Domingo, 25 de noviembre de 2007 | Hoy
CINE JESSE JAMES EN PANTALLA GRANDE
De todos los mitos norteamericanos, el más representado por el cine probablemente sea el de Jesse James: un hijo de granjeros sureños testigo del maltrato cometido por las tropas de la Unión, que se suma a las guerrillas confederadas, se convierte en bandido, en leyenda en vida, y finalmente muere asesinado por la espalda por un joven pistolero que lo idolatraba y al que había adoptado. El estreno de El asesinato de Jesse James por el cobarde Robert Ford, protagonizada por Brad Pitt, vuelve a poner en foco una leyenda que Hollywood filma periódicamente desde sus comienzos. Y cada vez que lo hace, dice algo sobre su país.
Por Mariano Kairuz
La historia de Jesse James inspiró una leyenda folklórica que adoptó la forma de infinidad de novelas populares de aventuras (algunas publicadas cuando el héroe/forajido todavía vivía), películas y seriales, y varios relatos musicales, entre ellos una canción que fue grabada por, entre muchos otros, Woody Guthrie, Pete Seeger y Bruce Springsteen, y que dice así: “Jesse James era un muchacho / que mató a unos cuantos tipos / Asaltó el tren de Glendale / Les robó a los ricos y les dio a los pobres / Tenía un pulso y un corazón y un cerebro. / Y fue Robert Ford, ese pequeño y sucio cobarde / me pregunto cómo se siente ahora / ya que comió el pan de Jesse y durmió en la cama de Jesse / y puso al pobre Jesse en su tumba”.

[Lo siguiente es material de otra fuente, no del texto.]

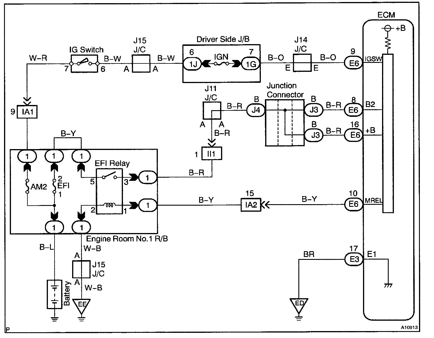 This signal causes current to flow to the coil, closing the contacts of the EFI main relay and supplying power to terminals +B and B2 of the ECM.
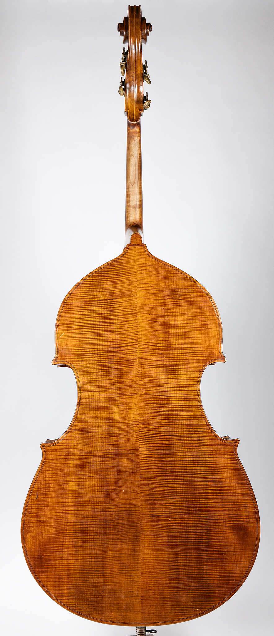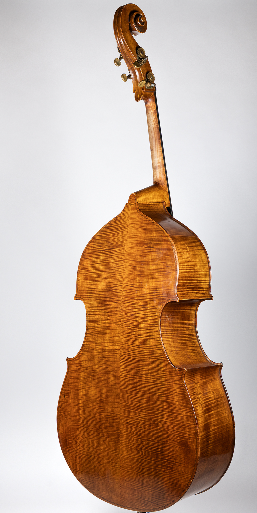 This bass is in excellent structural shape — no soundpost or saddle cracks, no surprises in the back, just authentic wear from being loved and used. The back and ribs are beautifully figured, with strong flame contrasting the grain. Bumpers are installed, and the Sloane tuners carry a handsome, aged patina that matches the instrument’s character.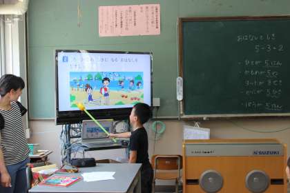 絵を観ながら,5−3=2の問題を考えています。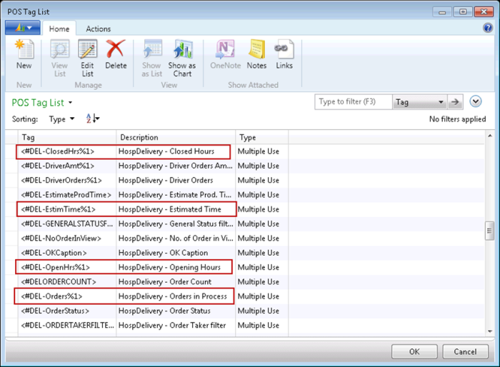 Here you see that four tags are used, to show the opening hours, closed hours, estimated time for orders and number of orders in the restaurant. The tags actually have %1 in them. You need to set up the first button only with the correct tags, then you can copy the first button to the other buttons and replace only the restaurant and the main description. The program replaces %1 with the appropriate number when you open the #DEL-ORDER panel up.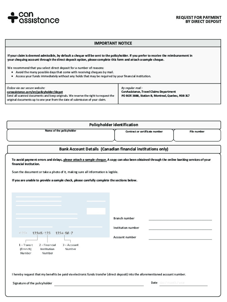 IMPORTANT NOTICE A duly completed and signed claim form is necessary even if you have not made any payments. Your provincial health plan covers partially some fees for medical care received during

La balada, que se le acredita a un tal Billy Gashade, quien la habría compuesto en 1882, apenas después del asesinato de James, y que aparece en muchas de las versiones cinematográficas del personaje, erige al bandido como un héroe, aunque lo cierto es que no se sabe cómo es que construyó esa fama de Robin Hood, que “les robó a los ricos y les dio a los pobres”. Probablemente tuvo que ver con que la banda que dirigieron él y su hermano tuvo como víctimas principales a los bancos y al ferrocarril, principales explotadores del granjero. Otro dato que ayudó a investir de un halo romántico a la pandilla James está relacionado directamente con la médula sangrienta de la historia norteamericana: tras asistir a la brutalidad a la que fue sometida su familia –granjeros sureños propietarios de esclavos– por las tropas de la Unión, decidió unirse a las guerrillas confederadas, convirtiéndose en un producto inevitable de una era salvaje. Lo que sí se conoce es la historia del asesinato, ya que fue el propio Ford, joven miembro de la última banda de James, quien la relató detalladamente en su carta de confesión enviada al gobernador de Missouri. Fue apenas después del desayuno, de un tiro en la espalda, mientras James, desarmado tal vez por primera vez desde que conocía a Ford, acomodaba un cuadro colgado en la pared de su casa.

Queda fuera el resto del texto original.